**Task statement**
For this exercise, reproduce each entry below exactly, excluding pictures.

Extracted data entries
---*---

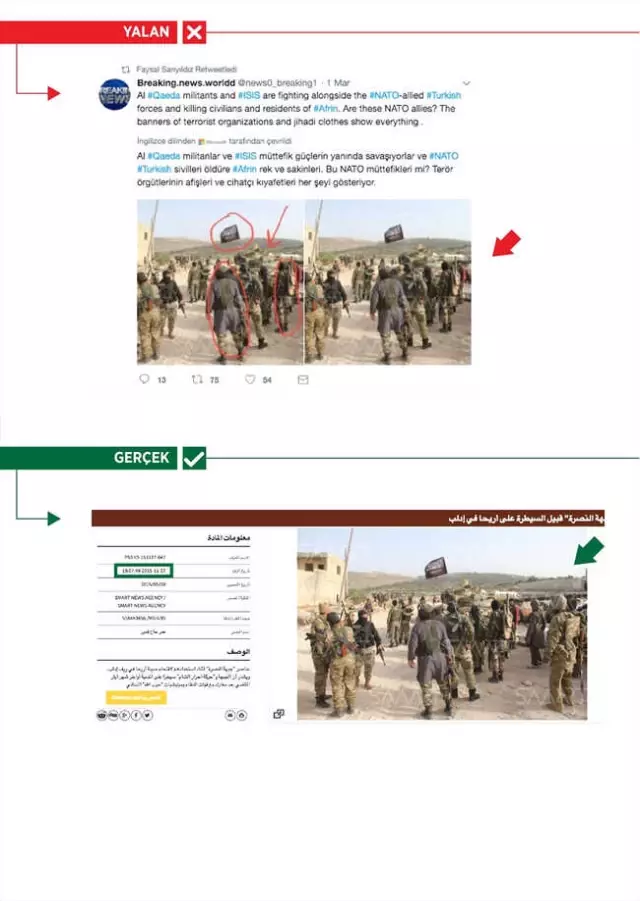 Terör örgütü PYD/PKK destekçilerinin sosyal medyada, Türk Silahlı Kuvvetlerinin (TSK) Afrin'de yürüttüğü Zeytin Dalı Harekatı'nı karalamak için paylaştığı iki fotoğrafın daha gerçekle ilgisi olmadığı belirlendi.
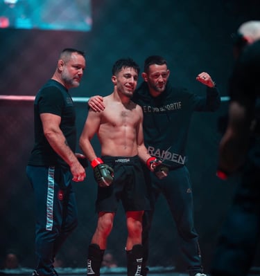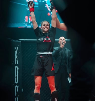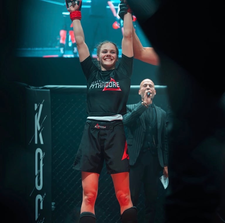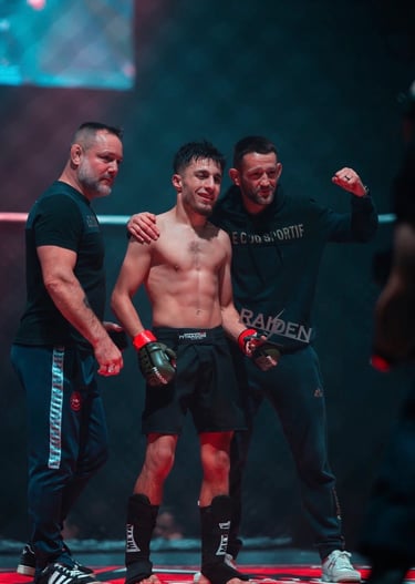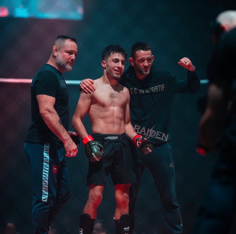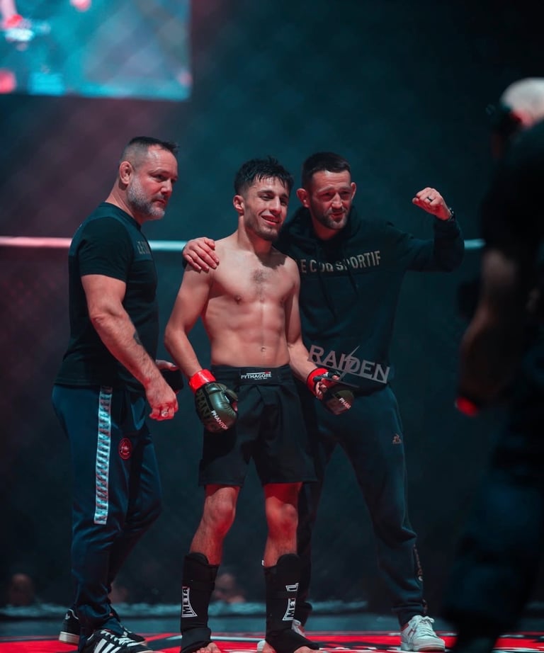 En 2003, je débute le MMA au Cage Warriors 4, où je remporte mon premier combat par soumission. Je poursuis ensuite plusieurs combats professionnels et décroche une première ceinture mondiale au Cage Warriors 7, ce qui me vaut le surnom de « Pythagore ». Je remporte d’autres victoires marquantes, notamment au Cage Rage, puis combats au Japon en 2006, où je gagne le respect du public pour mon esprit combatif.
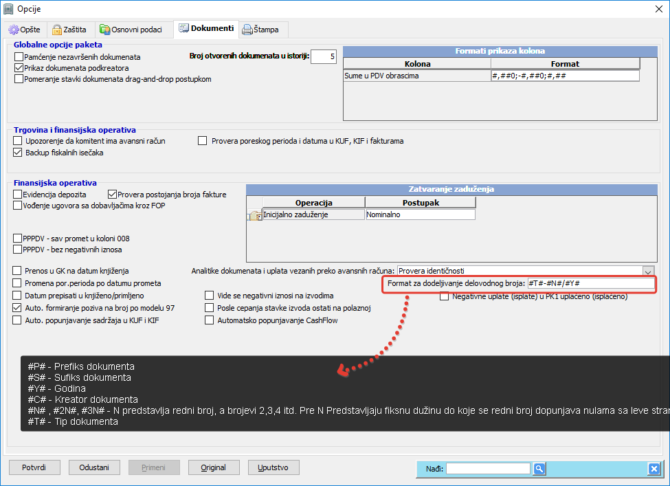 Format delovodnog broja definišete u "Opcijama programa" programa Finansijska operativa u listiću "Dokumenti" (vidi sliku)
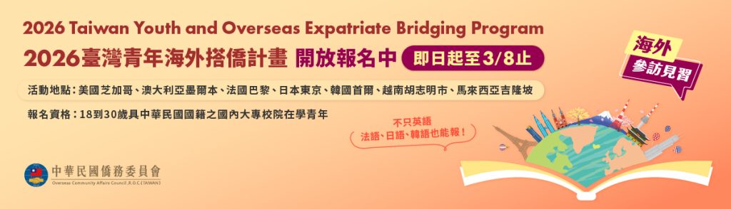 Étudiants taïwanais : candidatures ouvertes pour le programme Youth overseas 2026, multilingue et soutenu financièrement.
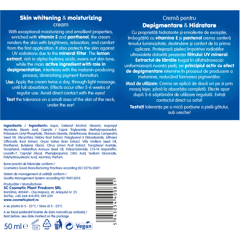Cu proprietăţi hidratante şi emoliente de excepţie, îmbogăţită cu vitamina E si pantenol, crema pentru depigmentare-hidratare Me&Mom conferă tenului luminozitate, destindere şi confort de la prima aplicare. Protejează pielea împotriva radiaţiilor ultraviolete datorită prezenţei filtrului UV mineral.
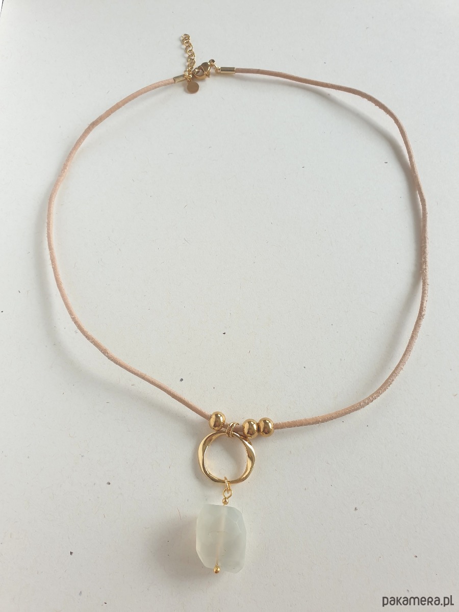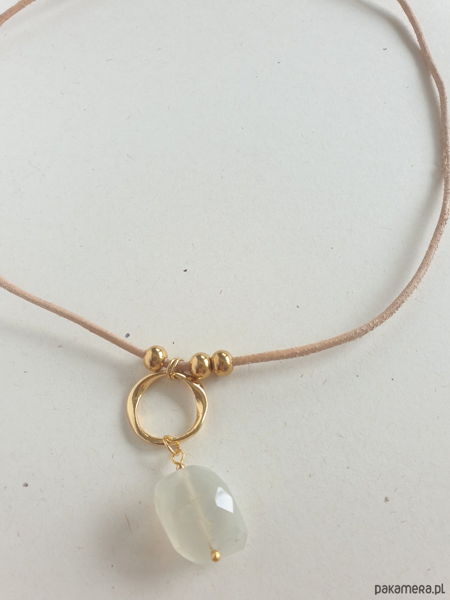 Naszyjnik / choker z kamieniem księżycowym, na rzemyku, mosiądz złocony

---*---

**Exercise result**
 Terör örgütü PYD/PKK destekçilerinin sosyal medyada, Türk Silahlı Kuvvetlerinin (TSK) Afrin'de yürüttüğü Zeytin Dalı Harekatı'nı karalamak için paylaştığı iki fotoğrafın daha gerçekle ilgisi olmadığı belirlendi.
 En 2003, je débute le MMA au Cage Warriors 4, où je remporte mon premier combat par soumission. Je poursuis ensuite plusieurs combats professionnels et décroche une première ceinture mondiale au Cage Warriors 7, ce qui me vaut le surnom de « Pythagore ». Je remporte d’autres victoires marquantes, notamment au Cage Rage, puis combats au Japon en 2006, où je gagne le respect du public pour mon esprit combatif.
 Format delovodnog broja definišete u "Opcijama programa" programa Finansijska operativa u listiću "Dokumenti" (vidi sliku)
 Étudiants taïwanais : candidatures ouvertes pour le programme Youth overseas 2026, multilingue et soutenu financièrement.
Cu proprietăţi hidratante şi emoliente de excepţie, îmbogăţită cu vitamina E si pantenol, crema pentru depigmentare-hidratare Me&Mom conferă tenului luminozitate, destindere şi confort de la prima aplicare. Protejează pielea împotriva radiaţiilor ultraviolete datorită prezenţei filtrului UV mineral.
 Naszyjnik / choker z kamieniem księżycowym, na rzemyku, mosiądz złocony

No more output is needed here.